Professional orchestras have auditions, where you will perform a piece from
the solo repertoire in front of the head of the section you are auditioning
for, and a few other key staff (e.g. [1]). Some auditions will include
orchestral parts, and you can buy books of famous solos for most instruments.

This repertoire has little in common with the kind of playing you will be paid
for, other than as a pure display of technical ability (just like
whiteboarding). For example, it is relatively poor as a gauge of the ability
to play with others (accompanists follow you, not the other way around), or of
your fitting in with the rest of your section.

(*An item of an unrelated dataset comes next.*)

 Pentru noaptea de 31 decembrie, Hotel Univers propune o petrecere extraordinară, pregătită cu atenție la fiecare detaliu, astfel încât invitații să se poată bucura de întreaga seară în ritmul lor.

Even on a technical level, performing a showy piece well in the few minutes of
the audition does not mean you have the stamina to sustain this playing
through four hours of Wagner.

[1] "The jury consists of 25 members of the orchestra: two of four
concertmasters, the principals, the VPO chairman and managing director, five
musicians of the relevant orchestra section, two staff council members from
the Vienna State Opera Orchestra, and a representative of the Vienna State
Opera’s management." \-
[http://web.archive.org/web/20141203022823/http://slippedisc....](http://web.archive.org/web/20141203022823/http://slippedisc.com/2014/11/pictures-
at-an-audition-for-the-vienna-philharmonic)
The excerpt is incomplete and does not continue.